Video Summary and Transcription
This talk covers an introduction to Web 3 and smart contracts, including deployment and bytecode compilation. It also discusses interacting with blockchain wallets, using RPC endpoints and block explorers, and accessing smart contract data. The talk emphasizes the use of ABIs and JavaScript libraries like ethers for interacting with smart contracts. It mentions the shift in mindset from HTTP requests to using ABI code and libraries for front-end development in Web 3. The talk concludes by mentioning Web3UI and tools like PolygonScan and Etherscan for building on the blockchain.

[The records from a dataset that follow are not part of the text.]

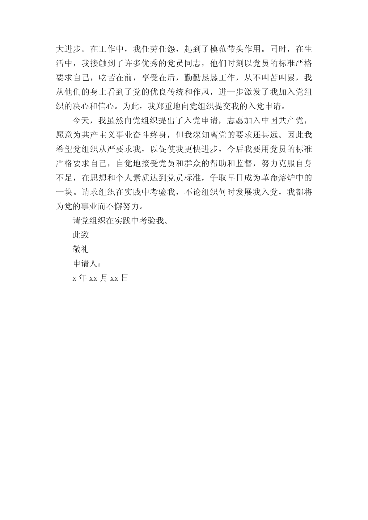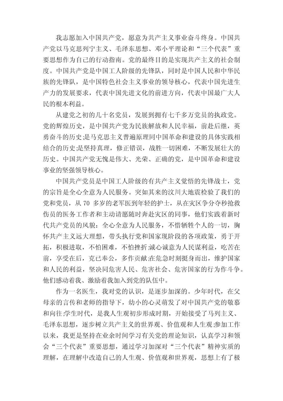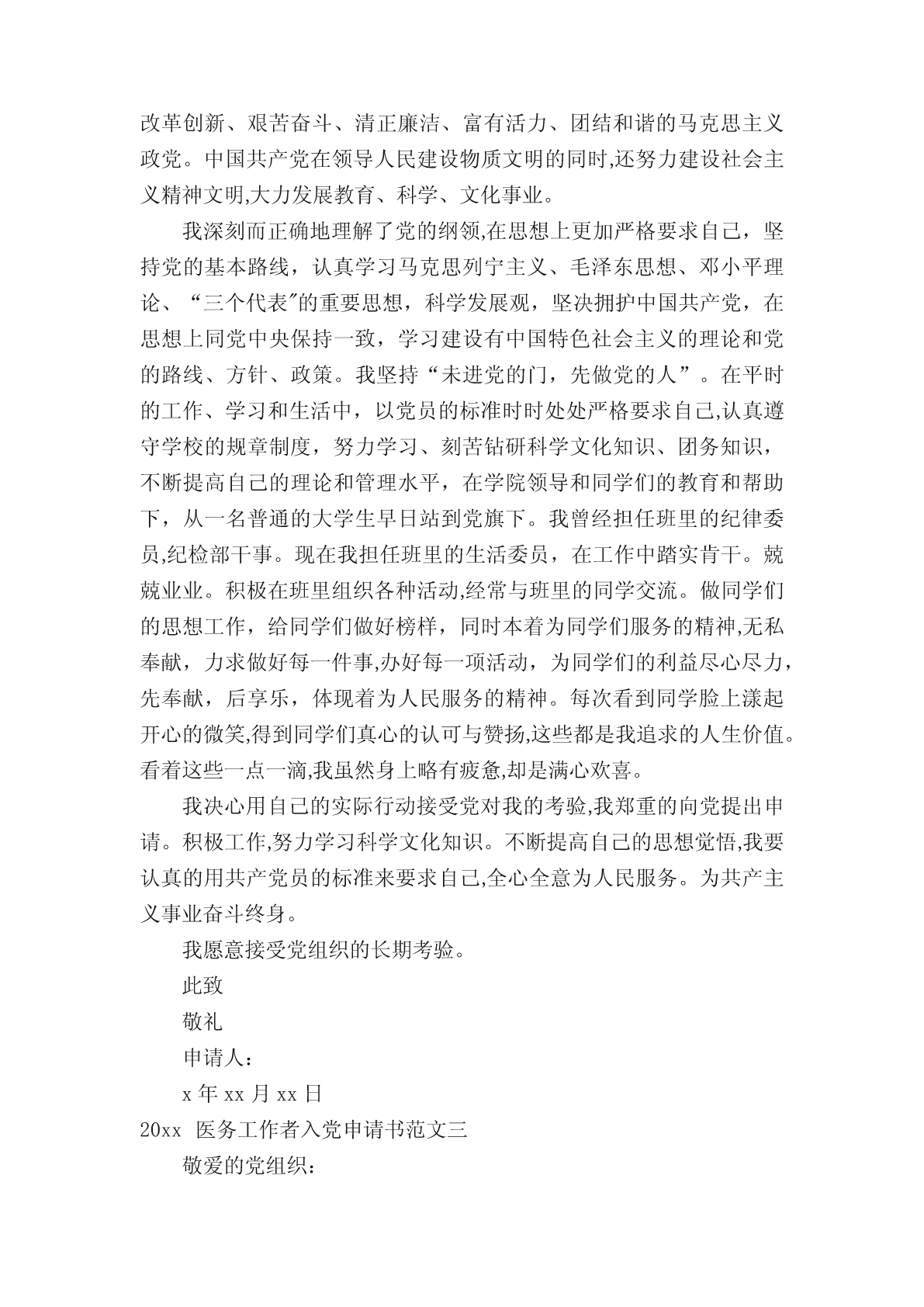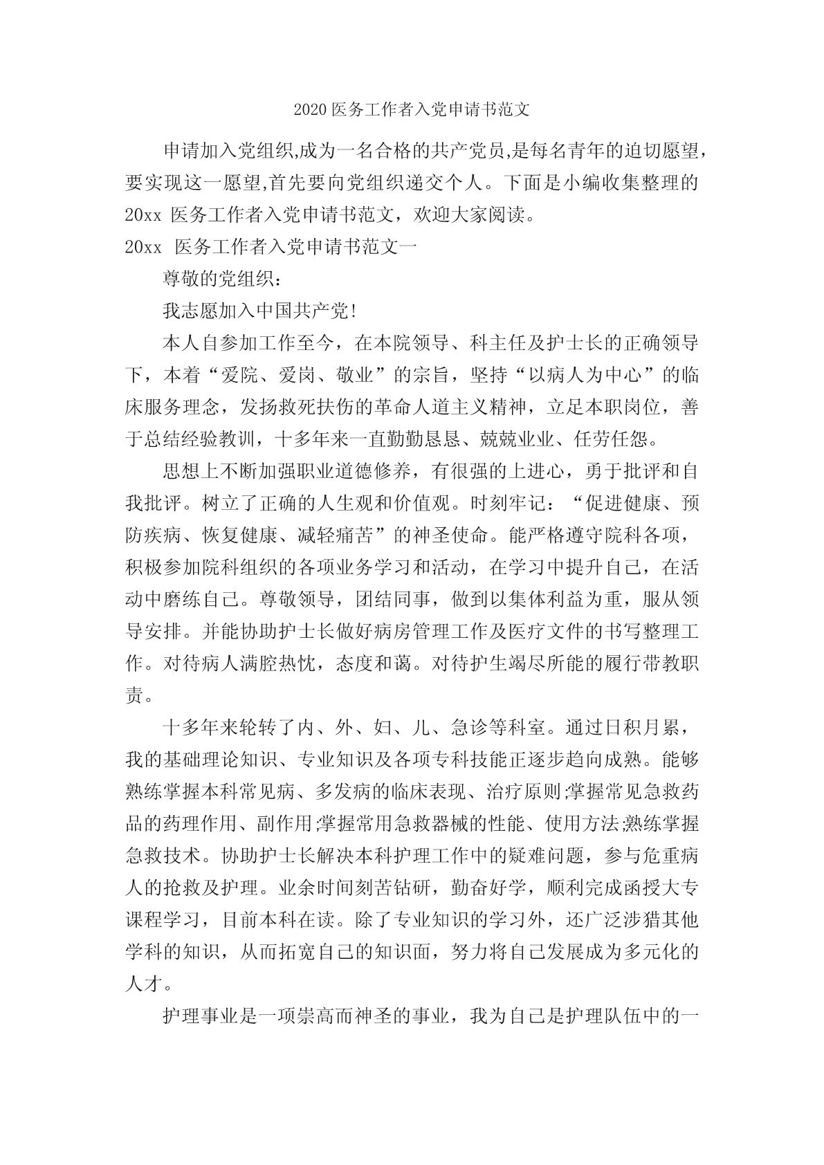 2020医务工作者入党申请书范文申请加入党组织,成为一名合格的共产党员,是每名青年的迫切愿望,要实现这一愿望,首先要向党组织递交个人。下面是小编收集整理的20xx医务工作者入党申请书范文,欢迎大家阅读。20xx医务工作者入党申请书范文一尊敬的党组织:我志愿加入中国共产党!本人自参加工作至今,在本院领导、科主任及护士长的正确领导下,本着“爱院、爱岗、敬业”的宗旨,坚持“以病人为中心”的临床服务理念,发扬救死扶伤的革命人道主义精神,立足本职岗位,善于总结经验教训,十多年来一直勤勤恳恳、兢兢业业、任劳任怨。思想上不断加强职业道德修养,有很强的上进心,勇于批评和自我批评。树立了正确的人生观和价值观。时刻牢记:“促进健康、预防疾病、恢复健康、减轻痛苦”的神圣使命。能严格遵守院科各项,积极参加院科组织的各项业务学习和活动,在学习中提升自己,在活动中磨练自己。尊敬领导,团结同事,做到以集体利益为重,服从领导安排。并能协助护士长做好病房管理工作及医疗文件的书写整理工作。对待病人满腔热忱,态度和蔼。对待护生竭尽所能的履行带教职责。十多年来轮转了内、外、妇、儿、急诊等科室。通过日积月累,我的基础理论知识、专业知识及各项专科技能正逐步趋向成熟。能够熟练掌握本科常见病、多发病的临床表现、治疗原则;掌握常见急救药品的药理作用、副作用;掌握常用急救器械的性能、使用方法;熟练掌握急救技术。协助护士长解决本科护理工作中的疑难问题,参与危重病人的抢救及护理。业余时间刻苦钻研,勤奋好学,顺利完成函授大专课程学习,目前本科在读。除了专业知识的学习外,还广泛涉猎其他学科的知识,从而拓宽自己的知识面,努力将自己发展成为多元化的人才。护理事业是一项崇高而神圣的事业,我为自己是护理队伍中的一员而自豪。在今后的工作生涯中,我将加倍努力,戒骄戒躁,勤奋扎实工作,不断更新知识面,苦练基本功,提高自己的知识水平和实际操作能力。并将终生以南丁格尔为榜样,用一颗仁慈、真诚的心灵,服务于广大患者。请党组织在实践中考验我!此致敬礼申请人:x年xx月xx日20xx医务工作者入党申请书范文二尊敬的党组织:我怀着无比诚挚的心情,向党组织提出入党申请书,我申请加入中国共产党,因为在我这二十多年的人生历程中,使我逐步认识到:中国共产党是伟大、光荣、正确的党,使中国工人阶级先锋队,使中国各族人民利益的忠实代表。是中国社会主义事业的领导核心。我将认真履行党章上所要求的一切,严格要求自己,接受党组织和同志们的监督,严于律己、勤奋进取,努力作一名合格而且先进的共产党员,为党的事业、为我国的社会主义向现代化事业贡献我毕生的精力和热血。中国共产党以马克思列宁主义、毛泽东思想作为自己的行动指南。马克思列宁主义揭示了人类社会发展的普遍规律,分析了资本主义制度本身无法克服的固有矛盾,指出社会主义必将代替资本主义,共产主义必将在全人类实现。毛泽东思想是马克思列宁主义普遍真理与中国革命具体实践相结合的产物,是中国共产党集体智慧的结晶,是被实践证明了的关于中国革命和建设的正确的理论原则和经验的总结。中国共产党是工人阶级的先锋队,同时是中华民族的先锋队,是中国特色社会主义事业的领导核心,代表中国先进生产力的发展要求,代表中国先进文化的前进方向,代表中国最广大人民的根本利益。党的最高理想和最终目标是实现共产主义,党的根本宗旨和唯一宗旨是全心全意为人民服务。中国共产党是立党为公、执政为民、求真务实、改革创新、艰苦奋斗、清正廉洁、富有活力、团结和谐的马克思主义政党。中国共产党在领导人民建设物质文明的同时,还努力建设社会主义精神文明,大力发展教育、科学、文化事业。我深刻而正确地理解了党的纲领,在思想上更加严格要求自己,坚持党的基本路线,认真学习马克思列宁主义、毛泽东思想、邓小平理论、“三个代表"的重要思想,科学发展观,坚决拥护中国共产党,在思想上同党中央保持一致,学习建设有中国特色社会主义的理论和党的路线、方针、政策。我坚持“未进党的门,先做党的人”。在平时的工作、学习和生活中,以党员的标准时时处处严格要求自己,认真遵守学校的规章制度,努力学习、刻苦钻研科学文化知识、团务知识,不断提高自己的理论和管理水平,在学院领导和同学们的教育和帮助下,从一名普通的大学生早日站到党旗下。我曾经担任班里的纪律委员,纪检部干事。现在我担任班里的生活委员,在工作中踏实肯干。兢兢业业。积极在班里组织各种活动,经常与班里的同学交流。做同学们的思想工作,给同学们做好榜样,同时本着为同学们服务的精神,无私奉献,力求做好每一件事,办好每一项活动,为同学们的利益尽心尽力,先奉献,后享乐,体现着为人民服务的精神。每次看到同学脸上漾起开心的微笑,得到同学们真心的认可与赞扬,这些都是我追求的人生价值。看着这些一点一滴,我虽然身上略有疲惫,却是满心欢喜。我决心用自己的实
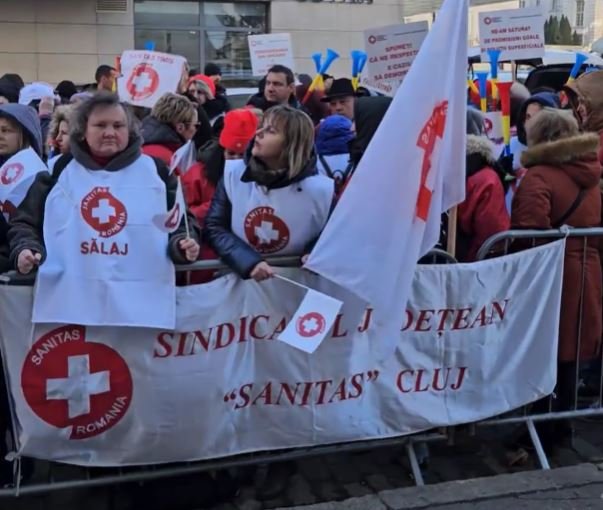 Sute de sindicalişti Sanitas, inclusiv de la Cluj, protestează, miercuri, în faţa Ministerului Sănătăţii, fiind nemulţumiţi de scăderea sporurilor salariale din sistemul medical.
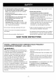 IMPORTANT SAFETY INSTRUCTIONS The safety instructions below will tell you how to use your oven and avoid harm to yourself or damage to your oven. WARN ING- -- To reduce the risk of burns, • Suitable for use above both gas and electric cooking equipment 36 inches wide or less. electric shock, fire, injury to persons, or exposure to excessive microwave energy. • Read all the instructions • Do not use this oven for commercial It is made for household use only. before using your oven.
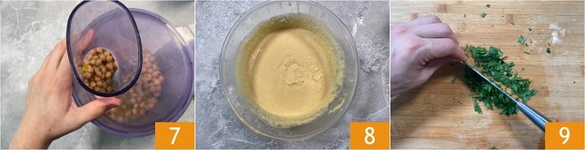 Feche o processador 7 e bata até obter uma consistência cremosa 8. Se ainda estiver granuloso, adicione um pouco de água de cada vez. Agora, cuide da decoração: pique finamente a salsinha 9.

1. Introduction to Web 3 and Smart Contracts
Welcome to my talk on Web 3. I'll cover smart contracts, connecting to the blockchain, fetching data, and tools for Web3 development. I'm Rahat, a developer advocate at Polygon, and I'll be discussing our carbon-negative blockchain. Smart contracts are the code of the blockchain, written in languages like Solidity. EVM chains, like Ethereum and Polygon, are compatible. Deployment involves bytecode compilation.
Welcome, everyone, to my talk, a front-end developer's guide to Web 3. Really excited to be here at React Summit, talking a little bit about Web 3 and giving you an introduction to it. Here's a high-level agenda of what we're going to be going through today.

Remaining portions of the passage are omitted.